University researchers delve deeper into the connection
It has been more than a decade since evidence first emerged linking diabetes to cancer, and what doctors have learned so far is grim: Diabetics are twice as likely to get cancer of the liver, uterus, and pancreas, and they are 20 to 50 percent more likely to develop colon and breast cancer. Women who have breast cancer are almost 50 percent more likely to die if they also have diabetes.
“There’s definitely a proven connection between diabetes and cancer,” says David Potter, M.D., Ph.D., a breast cancer physician and member of the Masonic Cancer Center, University of Minnesota. “But even though we’ve learned a lot, there’s much more work to be done to get us to workable solutions to reduce cancer risk for diabetic patients.”
Potter is currently exploring whether the drug metformin, which is used to treat diabetes, may also keep breast tumors from developing. He hopes that his study, funded by a grant from the Randy Shaver Cancer Research and Community Fund, will shed more light on the potential of metformin as a breast cancer treatment.
Like Potter, Masonic Cancer Center member Margot Cleary, Ph.D., is intrigued by recent evidence that people with type 2 diabetes who are being treated with metformin seem to have a reduced breast cancer rate. She’s also studying the medication.
“I’m not a cancer person,” says Cleary, a professor at the University’s Hormel Institute in Austin, Minn. “I’m a nutritionist.
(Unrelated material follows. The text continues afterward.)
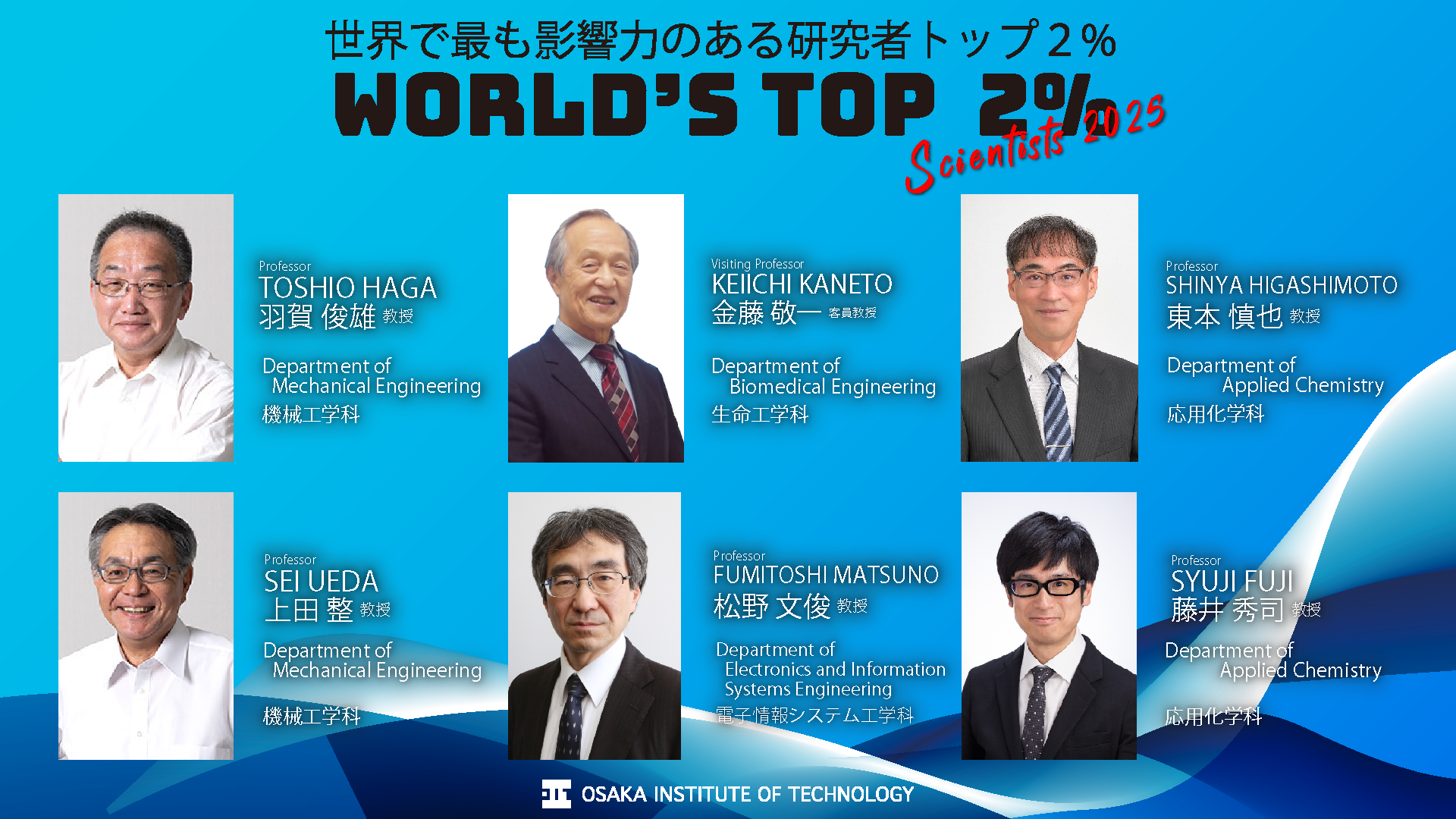 9月19日、スタンフォード大学とエルゼビアが世界のトップ2%の科学者を特定する包括的なリスト「標準化された引用指標に基づく科学者データベース」を更新・発表し、本学から6人の教員が選出されました。

The springboard for my initial research was the connection between obesity and breast cancer. So in this study, we’re going to get two birds with one stone: We’ll look at how, or if, metformin impacts tumor development in obese mice, and we’ll compare those results to how calorie restriction impacts tumor development.”
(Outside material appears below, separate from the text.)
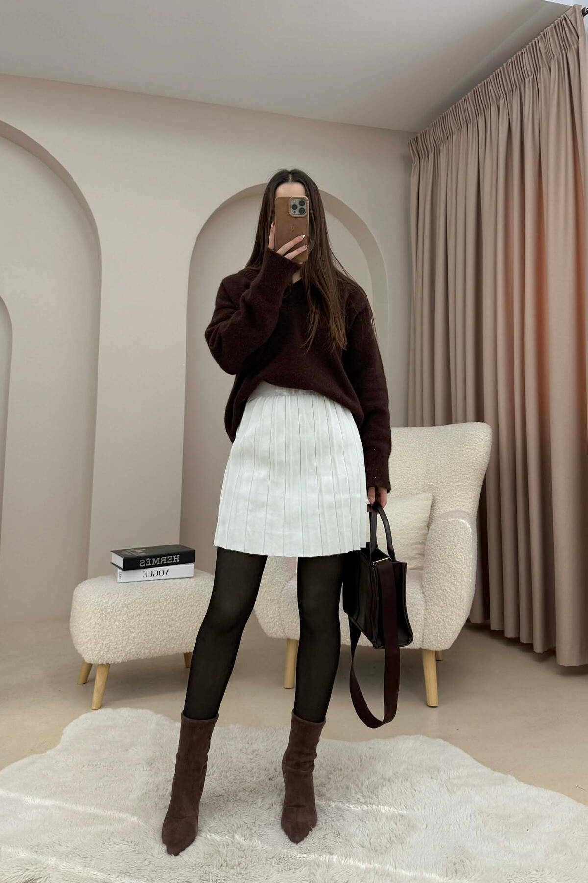 ONE COLOR SIMPLE KNITTED SHORT WOMAN SKIRT WHITE-E BARDHE

Metformin is thought to act in a manner similar to calorie restriction, but the two interventions have not been directly compared, Cleary says.
Her team’s hypothesis? Obesity will accelerate the development of a tumor; restricted-calorie diet will delay the development of a tumor; and metformin will also delay the development of tumors. The group will be monitoring the mice closely to see whether metformin is more effective than calorie restriction in relationship to body weight.
“Metformin is quite nontoxic,” Cleary explains, “so if research can show it also has definite anticancer properties, and if we can identify women at high risk for breast cancer, we could offer them metformin to, hopefully, delay or even deter the development of a tumor.”
Deepali Sachdev, Ph.D., an assistant professor in the departments of Medicine and Pharmacology, comes at the cancer-diabetes problem from a completely different angle. Her group is looking closely at the role of insulin-like growth factors and insulin in breast cancer. Both are hormones that affect cells through the highly related insulin-like growth factor receptor and insulin receptor, which are crucial for controlling glucose levels.
“People with obesity, with high levels of insulin, can have higher incidence of breast cancer,” Sachdev says. “And insulin and insulin receptors definitely affect breast cancer growth and metastases.”
Scientists already know that these two receptors can be present in tumor cells in various combinations, and drugs targeting the receptors are being explored through clinical research. To ensure the successful development of these drugs, however, researchers need to know which combinations of these receptors are present in a person’s tumor.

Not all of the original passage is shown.